§ PROBLEM STATEMENT:
Within the lines below, the span from the line with "Как завернуть фруктовый" to the line with "ATTENTION! Si vous", both ends included, is to be reproduced exactly, with pictures omitted.

§ RECORDS SHOWN:
----

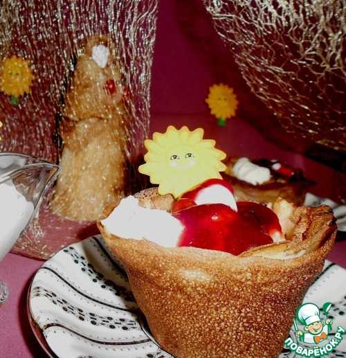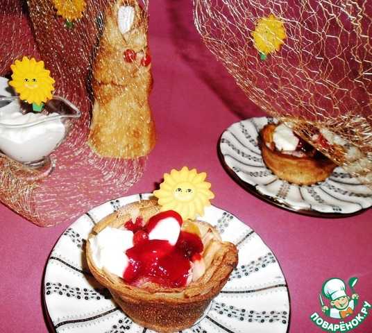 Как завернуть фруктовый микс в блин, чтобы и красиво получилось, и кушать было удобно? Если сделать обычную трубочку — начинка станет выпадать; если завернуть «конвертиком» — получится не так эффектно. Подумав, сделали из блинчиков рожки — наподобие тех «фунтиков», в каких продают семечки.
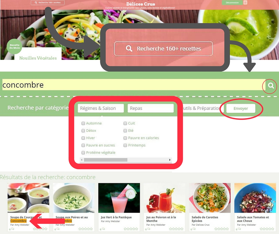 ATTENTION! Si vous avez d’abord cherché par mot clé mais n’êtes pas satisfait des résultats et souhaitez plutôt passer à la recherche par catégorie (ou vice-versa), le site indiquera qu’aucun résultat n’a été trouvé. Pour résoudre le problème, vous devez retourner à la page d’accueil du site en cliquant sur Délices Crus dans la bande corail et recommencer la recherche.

----

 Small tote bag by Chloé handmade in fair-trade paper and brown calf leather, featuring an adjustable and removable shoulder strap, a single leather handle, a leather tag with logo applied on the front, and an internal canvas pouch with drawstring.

----

§ WORKED SOLUTION:
 Как завернуть фруктовый микс в блин, чтобы и красиво получилось, и кушать было удобно? Если сделать обычную трубочку — начинка станет выпадать; если завернуть «конвертиком» — получится не так эффектно. Подумав, сделали из блинчиков рожки — наподобие тех «фунтиков», в каких продают семечки.
 ATTENTION! Si vous avez d’abord cherché par mot clé mais n’êtes pas satisfait des résultats et souhaitez plutôt passer à la recherche par catégorie (ou vice-versa), le site indiquera qu’aucun résultat n’a été trouvé. Pour résoudre le problème, vous devez retourner à la page d’accueil du site en cliquant sur Délices Crus dans la bande corail et recommencer la recherche.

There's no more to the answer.